The reviewers have discussed their reviews with one another, and the Reviewing Editor has drafted this to help you prepare a revised submission.
Essential revisions:
1. In your analysis of ASE overlap with eQTLs, you only focussed on cardiomyocytes and the heart tissue from GTEx. While this analysis is solid, it raises some issues around how well are your cardiomyocytes matched to the heart tissue in GTEx and how well does your claim that 47% of the genes with dynamic regulatory interactions are missed in existing large eQTL datasets generalise to the other two cell types in your study (LCLs and IPSCs).

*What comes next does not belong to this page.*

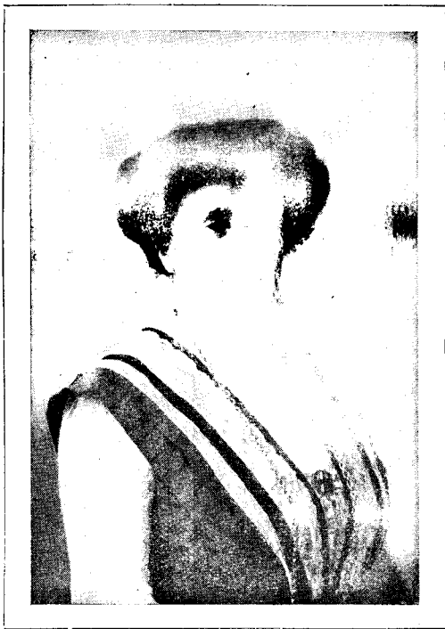
Sinjorino Klara de Zamenhof

Fortunately, high-resolution eQTL maps for the other two cell types (iPSCs and LCLs ) do exist, so it should be possible to check this.
2. The authors show that their cASE catalogue captures genes that are missed by GTEx and identifies potentially novel GWAS genes. For these analyses, they focus mostly on the CM data where it's not clear that GTEx has a directly comparable cell type and ASE signal is not the same signal GTEx is generating. Because measuring ASE is not the same as measuring eQTL, such a comparison might not be fair due to statistical power and MAF differences. It could be better to compare ASE within the GTEx data. Also, the CM pool was sequenced to very high depth, and because the power to detect allelic bias is based on read depth, this study should have high power. I wonder how many of the (c)ASE they report (that's not observed in GTEx) is just a reflection of the high statistical power in this study due to read depth.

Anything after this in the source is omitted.